WORK REQUEST: Using only the entries below, copy exactly the lines that begin at the one with "Auf der Terrasse" and end at the one with "Pe lângă toate", both included. Drop the pictures.

[[ MATERIAL SUPPLIED open ]]

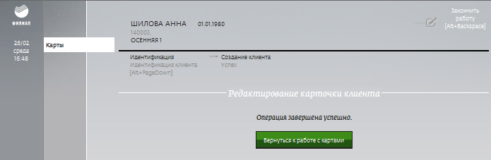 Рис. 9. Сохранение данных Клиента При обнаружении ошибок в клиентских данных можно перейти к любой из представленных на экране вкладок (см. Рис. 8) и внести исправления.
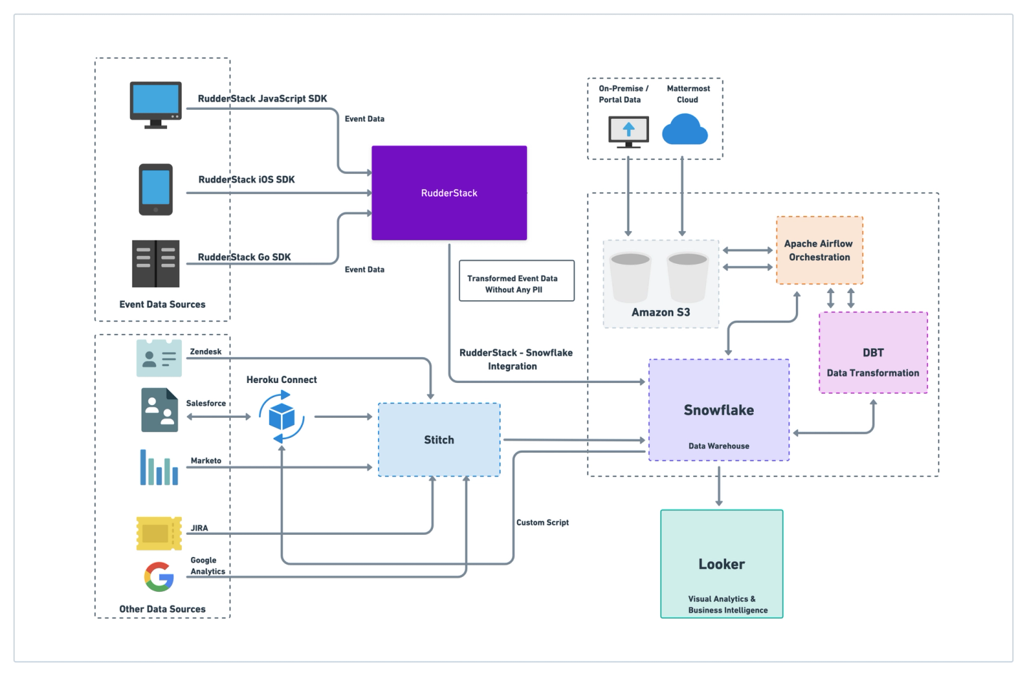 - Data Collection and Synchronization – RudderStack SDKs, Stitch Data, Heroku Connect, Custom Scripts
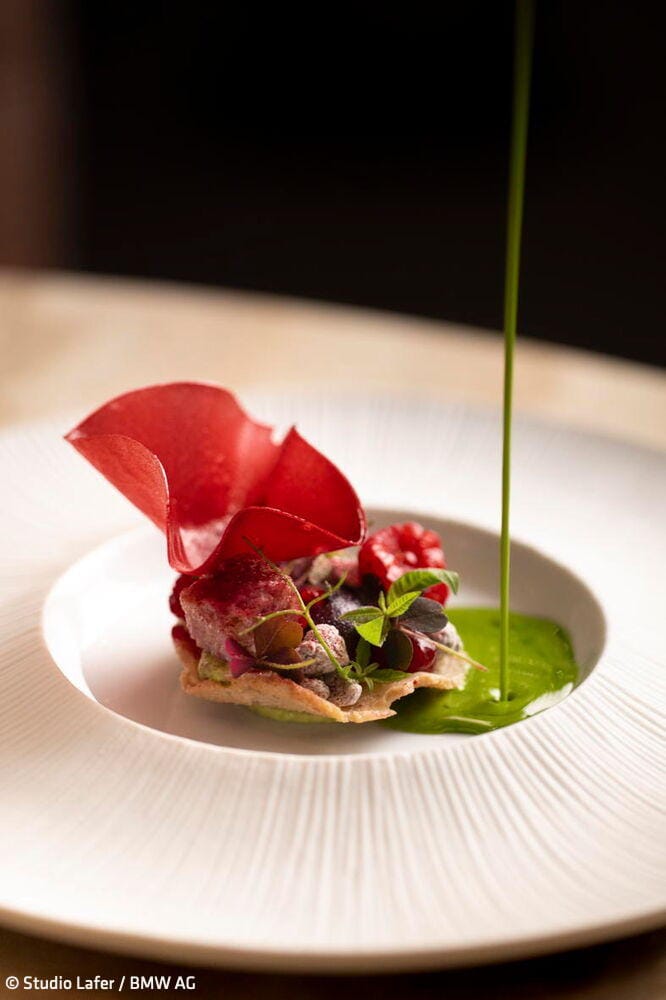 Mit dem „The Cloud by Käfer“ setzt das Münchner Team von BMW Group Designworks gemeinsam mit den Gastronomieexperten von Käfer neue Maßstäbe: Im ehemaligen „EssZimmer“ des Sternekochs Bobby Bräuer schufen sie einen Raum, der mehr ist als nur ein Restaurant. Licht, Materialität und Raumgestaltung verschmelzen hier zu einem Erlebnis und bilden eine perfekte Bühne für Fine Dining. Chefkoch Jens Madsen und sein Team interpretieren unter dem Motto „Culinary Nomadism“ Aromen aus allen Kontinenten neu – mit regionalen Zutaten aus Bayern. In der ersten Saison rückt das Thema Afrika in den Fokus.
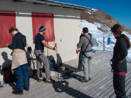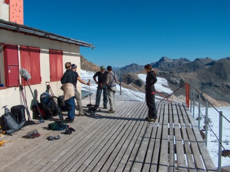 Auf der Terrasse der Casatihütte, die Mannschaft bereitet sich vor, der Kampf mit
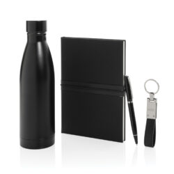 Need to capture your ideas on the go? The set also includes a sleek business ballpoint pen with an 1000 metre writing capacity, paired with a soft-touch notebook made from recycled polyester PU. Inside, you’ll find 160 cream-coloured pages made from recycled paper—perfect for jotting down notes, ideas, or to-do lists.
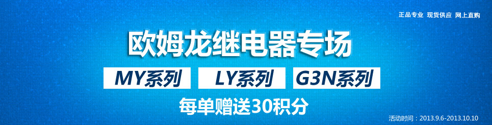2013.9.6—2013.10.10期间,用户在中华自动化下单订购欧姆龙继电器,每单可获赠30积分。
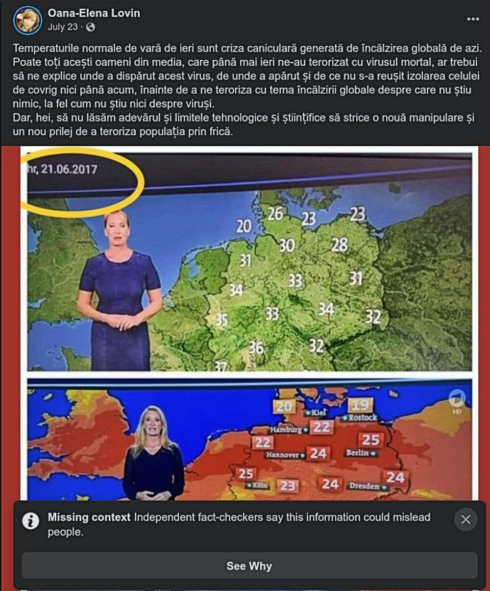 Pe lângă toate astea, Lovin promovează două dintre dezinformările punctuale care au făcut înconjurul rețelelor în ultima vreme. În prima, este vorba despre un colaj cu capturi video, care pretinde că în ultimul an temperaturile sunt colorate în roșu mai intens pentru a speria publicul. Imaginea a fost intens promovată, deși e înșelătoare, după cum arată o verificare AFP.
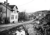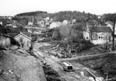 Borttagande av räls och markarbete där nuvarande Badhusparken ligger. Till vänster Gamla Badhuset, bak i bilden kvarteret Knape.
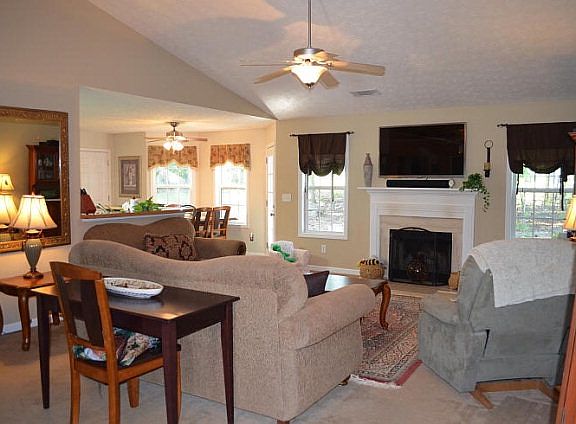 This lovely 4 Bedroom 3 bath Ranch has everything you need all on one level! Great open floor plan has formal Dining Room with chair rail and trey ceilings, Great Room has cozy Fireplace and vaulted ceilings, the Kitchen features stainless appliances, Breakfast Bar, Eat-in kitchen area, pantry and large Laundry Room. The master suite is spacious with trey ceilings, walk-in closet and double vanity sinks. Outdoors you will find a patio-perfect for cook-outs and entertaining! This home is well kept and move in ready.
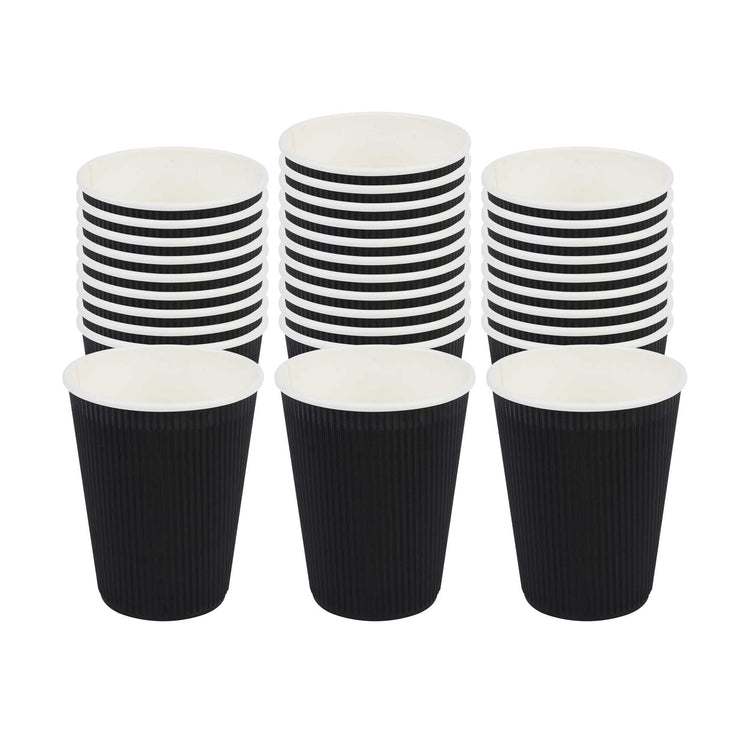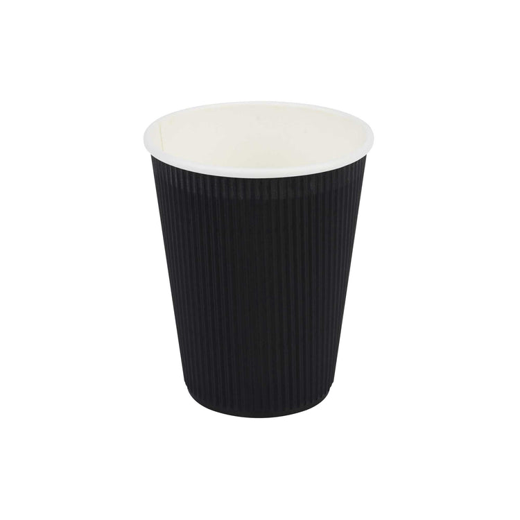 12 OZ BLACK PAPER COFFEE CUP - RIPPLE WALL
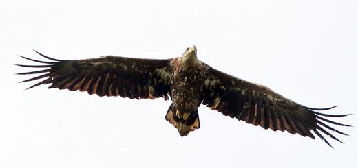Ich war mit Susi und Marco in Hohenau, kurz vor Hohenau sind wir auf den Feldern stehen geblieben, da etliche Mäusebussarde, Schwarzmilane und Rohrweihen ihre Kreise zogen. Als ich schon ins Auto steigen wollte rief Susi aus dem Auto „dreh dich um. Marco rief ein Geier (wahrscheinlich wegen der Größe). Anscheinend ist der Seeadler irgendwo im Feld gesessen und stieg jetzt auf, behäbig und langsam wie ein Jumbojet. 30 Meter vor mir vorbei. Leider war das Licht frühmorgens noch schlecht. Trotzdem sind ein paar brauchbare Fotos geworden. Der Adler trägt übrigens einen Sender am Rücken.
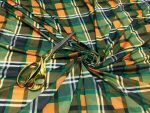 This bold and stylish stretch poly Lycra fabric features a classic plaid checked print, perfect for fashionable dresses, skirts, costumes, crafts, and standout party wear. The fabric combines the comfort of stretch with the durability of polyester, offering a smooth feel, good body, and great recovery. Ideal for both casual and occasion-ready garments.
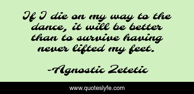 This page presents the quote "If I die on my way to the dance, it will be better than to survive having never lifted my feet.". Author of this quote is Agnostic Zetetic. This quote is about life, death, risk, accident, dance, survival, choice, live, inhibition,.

[[ MATERIAL SUPPLIED closed ]]

REPLY TO THE EXERCISE:
 Auf der Terrasse der Casatihütte, die Mannschaft bereitet sich vor, der Kampf mit
 Need to capture your ideas on the go? The set also includes a sleek business ballpoint pen with an 1000 metre writing capacity, paired with a soft-touch notebook made from recycled polyester PU. Inside, you’ll find 160 cream-coloured pages made from recycled paper—perfect for jotting down notes, ideas, or to-do lists.
2013.9.6—2013.10.10期间,用户在中华自动化下单订购欧姆龙继电器,每单可获赠30积分。
 Pe lângă toate astea, Lovin promovează două dintre dezinformările punctuale care au făcut înconjurul rețelelor în ultima vreme. În prima, este vorba despre un colaj cu capturi video, care pretinde că în ultimul an temperaturile sunt colorate în roșu mai intens pentru a speria publicul. Imaginea a fost intens promovată, deși e înșelătoare, după cum arată o verificare AFP.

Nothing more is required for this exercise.